**What the task requires**.
After finding "Die kommenden Wochen" in the material below, output its line and every line after it through the last, exactly, but not the pictures.

**Data block**.
________________________

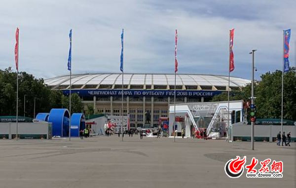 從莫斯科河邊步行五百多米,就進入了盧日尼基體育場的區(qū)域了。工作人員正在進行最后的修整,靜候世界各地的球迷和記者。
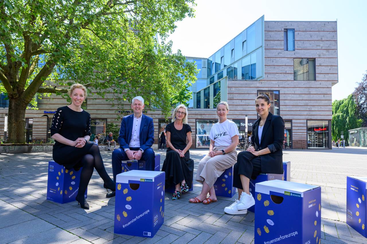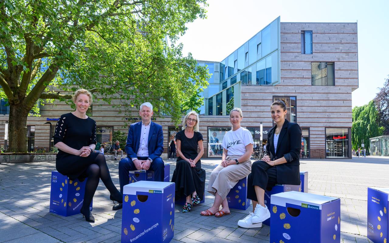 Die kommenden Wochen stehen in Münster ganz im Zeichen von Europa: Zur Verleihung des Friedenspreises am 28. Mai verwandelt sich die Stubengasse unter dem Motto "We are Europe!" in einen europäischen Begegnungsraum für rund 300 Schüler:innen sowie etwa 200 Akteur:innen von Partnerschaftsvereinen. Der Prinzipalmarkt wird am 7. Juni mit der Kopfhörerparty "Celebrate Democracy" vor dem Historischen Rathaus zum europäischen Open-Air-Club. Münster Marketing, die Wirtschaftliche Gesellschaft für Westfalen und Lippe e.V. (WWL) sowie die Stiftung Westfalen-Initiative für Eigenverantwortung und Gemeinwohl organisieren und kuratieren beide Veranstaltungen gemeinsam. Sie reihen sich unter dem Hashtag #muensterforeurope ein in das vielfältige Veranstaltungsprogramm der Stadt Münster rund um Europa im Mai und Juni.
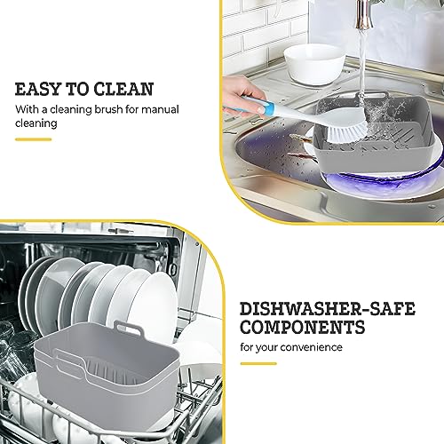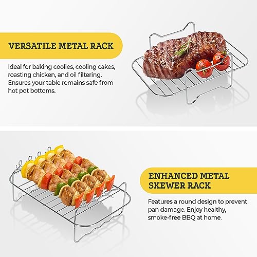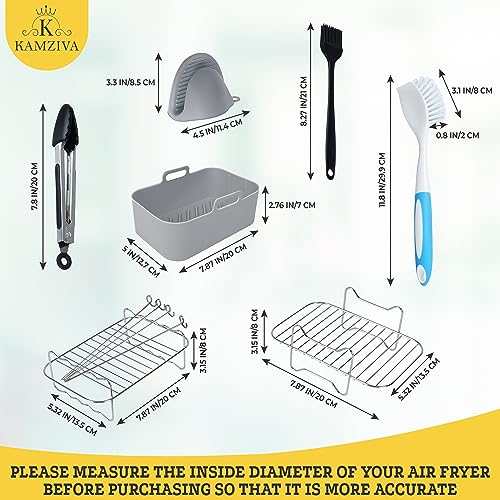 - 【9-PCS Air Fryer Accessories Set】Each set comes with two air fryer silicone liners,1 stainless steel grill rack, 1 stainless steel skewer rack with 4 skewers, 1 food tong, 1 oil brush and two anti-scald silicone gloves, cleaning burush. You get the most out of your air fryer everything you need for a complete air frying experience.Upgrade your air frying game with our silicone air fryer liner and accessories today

________________________

**Reply**.
 Die kommenden Wochen stehen in Münster ganz im Zeichen von Europa: Zur Verleihung des Friedenspreises am 28. Mai verwandelt sich die Stubengasse unter dem Motto "We are Europe!" in einen europäischen Begegnungsraum für rund 300 Schüler:innen sowie etwa 200 Akteur:innen von Partnerschaftsvereinen. Der Prinzipalmarkt wird am 7. Juni mit der Kopfhörerparty "Celebrate Democracy" vor dem Historischen Rathaus zum europäischen Open-Air-Club. Münster Marketing, die Wirtschaftliche Gesellschaft für Westfalen und Lippe e.V. (WWL) sowie die Stiftung Westfalen-Initiative für Eigenverantwortung und Gemeinwohl organisieren und kuratieren beide Veranstaltungen gemeinsam. Sie reihen sich unter dem Hashtag #muensterforeurope ein in das vielfältige Veranstaltungsprogramm der Stadt Münster rund um Europa im Mai und Juni.
 - 【9-PCS Air Fryer Accessories Set】Each set comes with two air fryer silicone liners,1 stainless steel grill rack, 1 stainless steel skewer rack with 4 skewers, 1 food tong, 1 oil brush and two anti-scald silicone gloves, cleaning burush. You get the most out of your air fryer everything you need for a complete air frying experience.Upgrade your air frying game with our silicone air fryer liner and accessories today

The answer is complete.